** Source material follows **

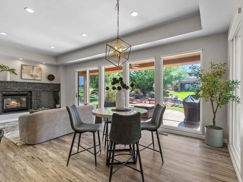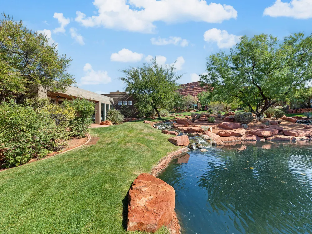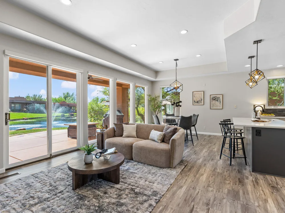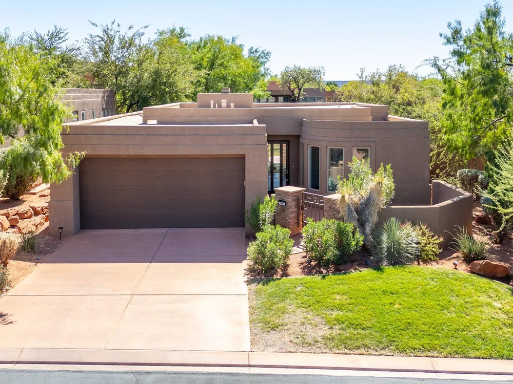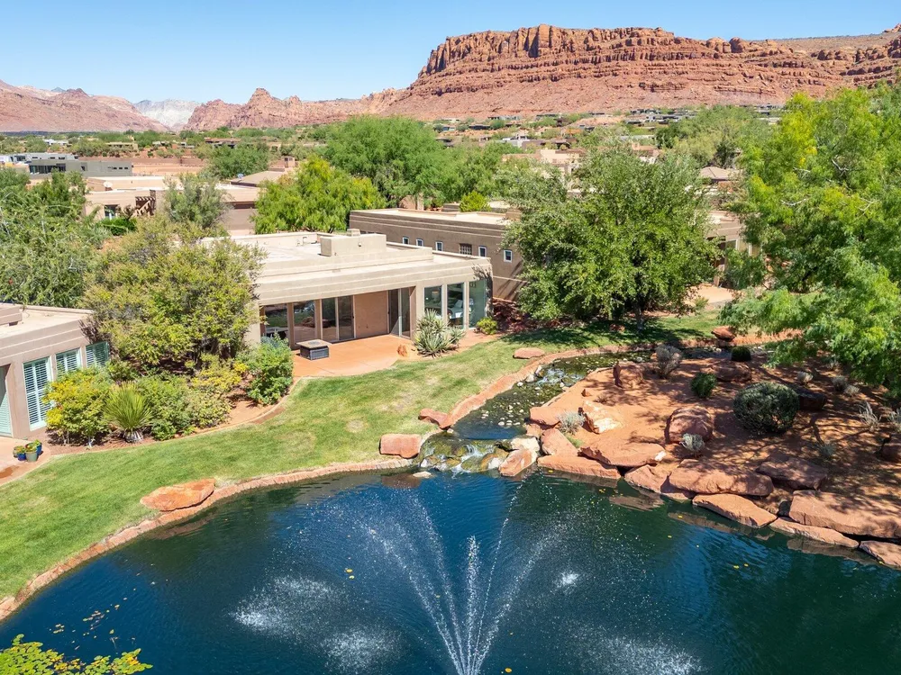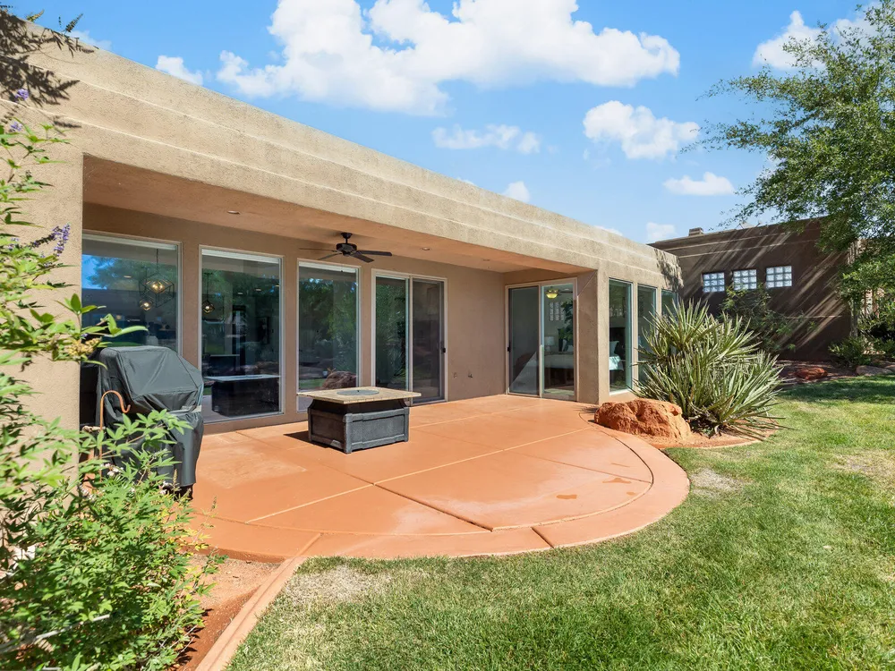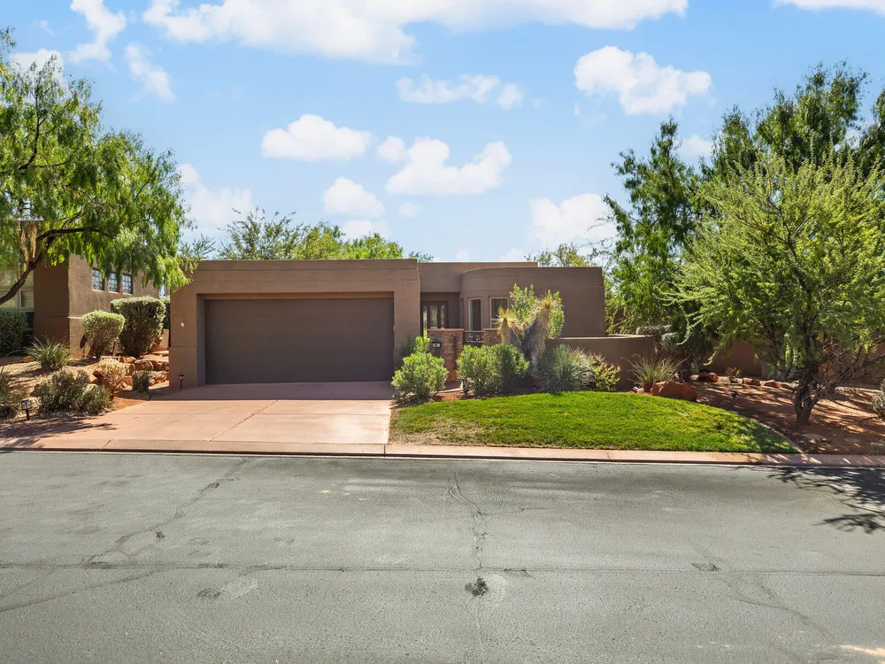 Set along the 3rd hole of Entrada's championship golf course, this beautifully remodeled home in Paiute Springs offers modern comfort and a resort-style lifestyle. A welcoming courtyard, highlighted by a striking glass-and-wood front door, opens to bright, open-concept living and kitchen spaces featuring beautiful wood floors throughout. The kitchen is a showpiece with an oversized island, custom gray wood cabinets, tile backsplash, modern light fixtures, and a bar—perfect for entertaining. The primary suite is a serene retreat, featuring oversized windows, a soaking tub, double vanity, and a generous walk-in closet. Throughout the home, large windows bring in natural light and frame views of the surrounding landscape. Outside, a covered patio overlooks a peaceful pond and water feature, creating an ideal spot for relaxing or entertaining. Residents enjoy world-class Entrada amenities, including indoor and outdoor pools, a clubhouse, fitness center, pickleball, volleyball, and basketball courts. With full landscaping and a prime golf course setting, this home blends Southern Utah's natural beauty with luxury living. The Entrada Golf Course features their recently redesigned course by the distinguished David McLay Kidd. As part of the Troon Prive Golf Course Network, Entrada has been rated the #2 best course in Utah with its par 72 course that extends across 7,280 yards of some of the most majestic desert landscape in the southwest. The community of Entrada includes a guard gate, clubhouse, two outdoor pools and spa, indoor pool, exquisite dining, fully equipped fitness center offering many fitness and yoga classes, tennis/pickleball courts, and a playground. The wellness center includes relaxing spa services such as facials, pedicures, massages, and body treatments. The community is centrally located in the beautiful city of Saint George, which is proud to now host the PGA Tour at Black Desert, multiple LPGA tournaments at Copper Rock, and many notable events, such as the World Championship of the Ironman, St. George Marathon, Red Bull Rampage, and tons of other amazing well-known events. It's only a short drive to America's most astonishing national parks, such as Zion, Bryce, and the North Rim of the Grand Canyon; and state parks and national forests like Snow Canyon, Sand Hollow Reservoir, Gunlock Reservoir, Quail Creek Reservoir, and Dixie Forest. The word is out that at 2,700 feet above sea level, on the edge of the Mojave desert, Colorado Plateau, and the Great Basin, lies one of America's most beautiful and distinctive geological places. This tranquil home is the perfect setting for you to establish your own gathering place in the heart of Southern Utah. Furniture package available. All information herein is deemed reliable but is not guaranteed. The buyer is responsible to verify all listing information, including square footage/acreage, to the buyer's own satisfaction.
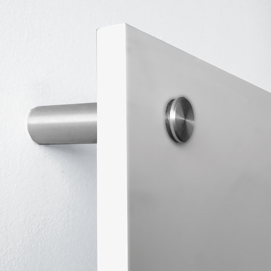 Dystanse ścienne: Dystanse służą do montażu płyty na płaskich podłożach. Uchwyty są w kolorze srebrnym i można je zamówić w zestawach o różnej wielkości. Materiały montażowe, takie jak śruby czy kołki, NIE wchodzą w skład zestawu i należy je dokupić oddzielnie w sklepie budowlanym.
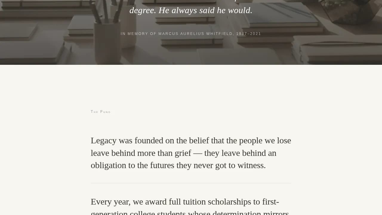 Legacy - Immersive Memorial Scholarship Fund Landing Page Template
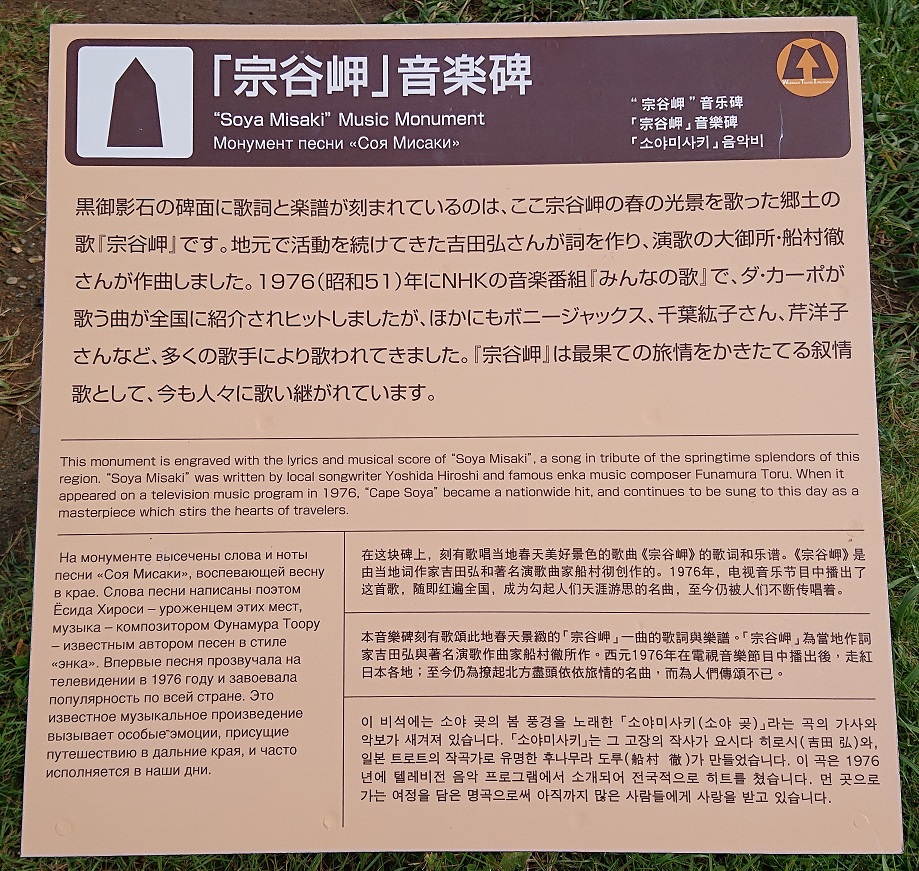 記念碑の近くにもう一つ「宗谷岬」音楽碑というモニュメントがある。モニュメントには押しボタンスイッチがあり、ボタンを押すと歌謡曲が流れだす仕組みになっていた。その歌は、宗谷岬の春の光景を歌った「宗谷岬」という題名の歌であった。
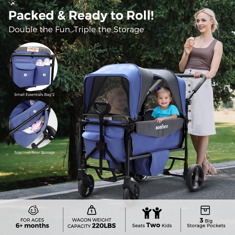 k-absorbing all-terrain wheels, this stroller wagon delivers a smooth, effortless ride on grass, sand, or pavement.
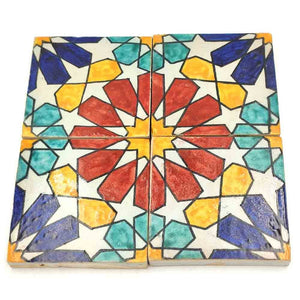 Azulejo Andalusí - Zellige Mosaico Nazari - Multicolor - Estrella Morisca - 10x10 cm - Artesanal - Modelo 85
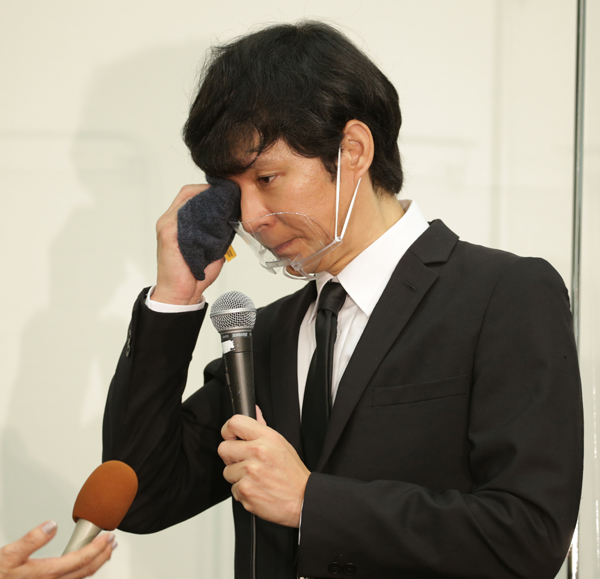 渡部建の会見は汗ダラダラで100分にも及んだ(C)日刊ゲンダイ
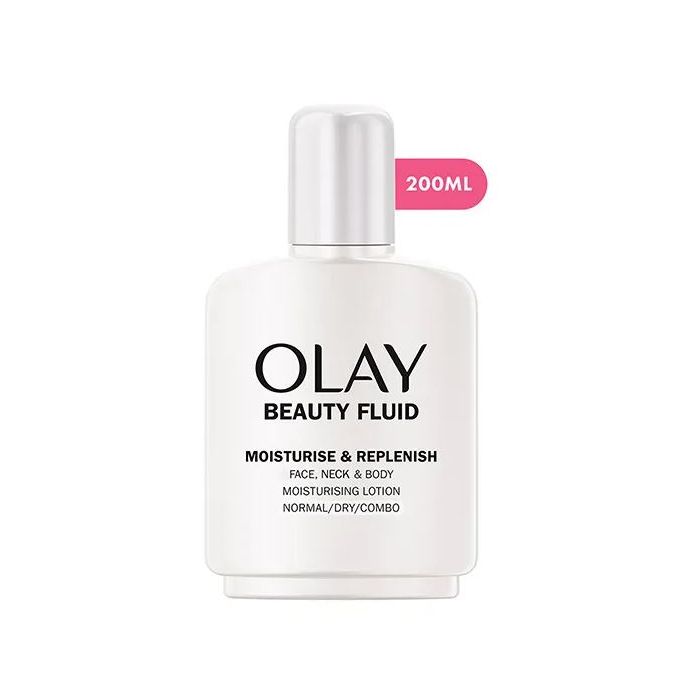 Olay Beauty Fluid Viso, Collo e Décolleté Lotion è il classico della bellezza per un'idratazione leggera di 24 ore, troppo bello per non essere usato ogni giorno.
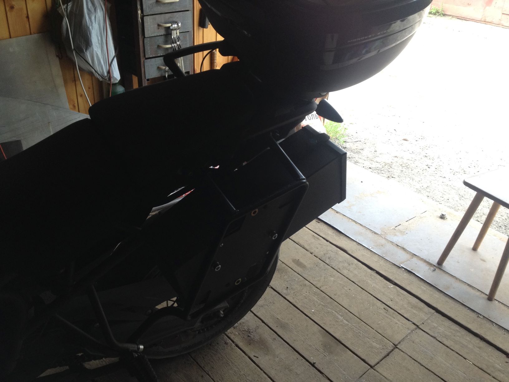 У мотеча есть тубус, который крепится на свои рамки для кофров. Так же видел когда-то в продаже инструментальные алюминиевые ящики под инструмент. Вообще всегда с собой запасные камеры в кофре, монтажки, аптечка для заклейки и компрессор. Тьфу-тьфу, правда, в поле бортировать не приходилось.

** End of Source material **

**Exercise instructions:** Pictures do not belong in the copy. Output all of the records exactly.

**Result of the task:**
 Set along the 3rd hole of Entrada's championship golf course, this beautifully remodeled home in Paiute Springs offers modern comfort and a resort-style lifestyle. A welcoming courtyard, highlighted by a striking glass-and-wood front door, opens to bright, open-concept living and kitchen spaces featuring beautiful wood floors throughout. The kitchen is a showpiece with an oversized island, custom gray wood cabinets, tile backsplash, modern light fixtures, and a bar—perfect for entertaining. The primary suite is a serene retreat, featuring oversized windows, a soaking tub, double vanity, and a generous walk-in closet. Throughout the home, large windows bring in natural light and frame views of the surrounding landscape. Outside, a covered patio overlooks a peaceful pond and water feature, creating an ideal spot for relaxing or entertaining. Residents enjoy world-class Entrada amenities, including indoor and outdoor pools, a clubhouse, fitness center, pickleball, volleyball, and basketball courts. With full landscaping and a prime golf course setting, this home blends Southern Utah's natural beauty with luxury living. The Entrada Golf Course features their recently redesigned course by the distinguished David McLay Kidd. As part of the Troon Prive Golf Course Network, Entrada has been rated the #2 best course in Utah with its par 72 course that extends across 7,280 yards of some of the most majestic desert landscape in the southwest. The community of Entrada includes a guard gate, clubhouse, two outdoor pools and spa, indoor pool, exquisite dining, fully equipped fitness center offering many fitness and yoga classes, tennis/pickleball courts, and a playground. The wellness center includes relaxing spa services such as facials, pedicures, massages, and body treatments. The community is centrally located in the beautiful city of Saint George, which is proud to now host the PGA Tour at Black Desert, multiple LPGA tournaments at Copper Rock, and many notable events, such as the World Championship of the Ironman, St. George Marathon, Red Bull Rampage, and tons of other amazing well-known events. It's only a short drive to America's most astonishing national parks, such as Zion, Bryce, and the North Rim of the Grand Canyon; and state parks and national forests like Snow Canyon, Sand Hollow Reservoir, Gunlock Reservoir, Quail Creek Reservoir, and Dixie Forest. The word is out that at 2,700 feet above sea level, on the edge of the Mojave desert, Colorado Plateau, and the Great Basin, lies one of America's most beautiful and distinctive geological places. This tranquil home is the perfect setting for you to establish your own gathering place in the heart of Southern Utah. Furniture package available. All information herein is deemed reliable but is not guaranteed. The buyer is responsible to verify all listing information, including square footage/acreage, to the buyer's own satisfaction.
 Dystanse ścienne: Dystanse służą do montażu płyty na płaskich podłożach. Uchwyty są w kolorze srebrnym i można je zamówić w zestawach o różnej wielkości. Materiały montażowe, takie jak śruby czy kołki, NIE wchodzą w skład zestawu i należy je dokupić oddzielnie w sklepie budowlanym.
 Legacy - Immersive Memorial Scholarship Fund Landing Page Template
 記念碑の近くにもう一つ「宗谷岬」音楽碑というモニュメントがある。モニュメントには押しボタンスイッチがあり、ボタンを押すと歌謡曲が流れだす仕組みになっていた。その歌は、宗谷岬の春の光景を歌った「宗谷岬」という題名の歌であった。
 k-absorbing all-terrain wheels, this stroller wagon delivers a smooth, effortless ride on grass, sand, or pavement.
 Azulejo Andalusí - Zellige Mosaico Nazari - Multicolor - Estrella Morisca - 10x10 cm - Artesanal - Modelo 85
 渡部建の会見は汗ダラダラで100分にも及んだ(C)日刊ゲンダイ
 Olay Beauty Fluid Viso, Collo e Décolleté Lotion è il classico della bellezza per un'idratazione leggera di 24 ore, troppo bello per non essere usato ogni giorno.
 У мотеча есть тубус, который крепится на свои рамки для кофров. Так же видел когда-то в продаже инструментальные алюминиевые ящики под инструмент. Вообще всегда с собой запасные камеры в кофре, монтажки, аптечка для заклейки и компрессор. Тьфу-тьфу, правда, в поле бортировать не приходилось.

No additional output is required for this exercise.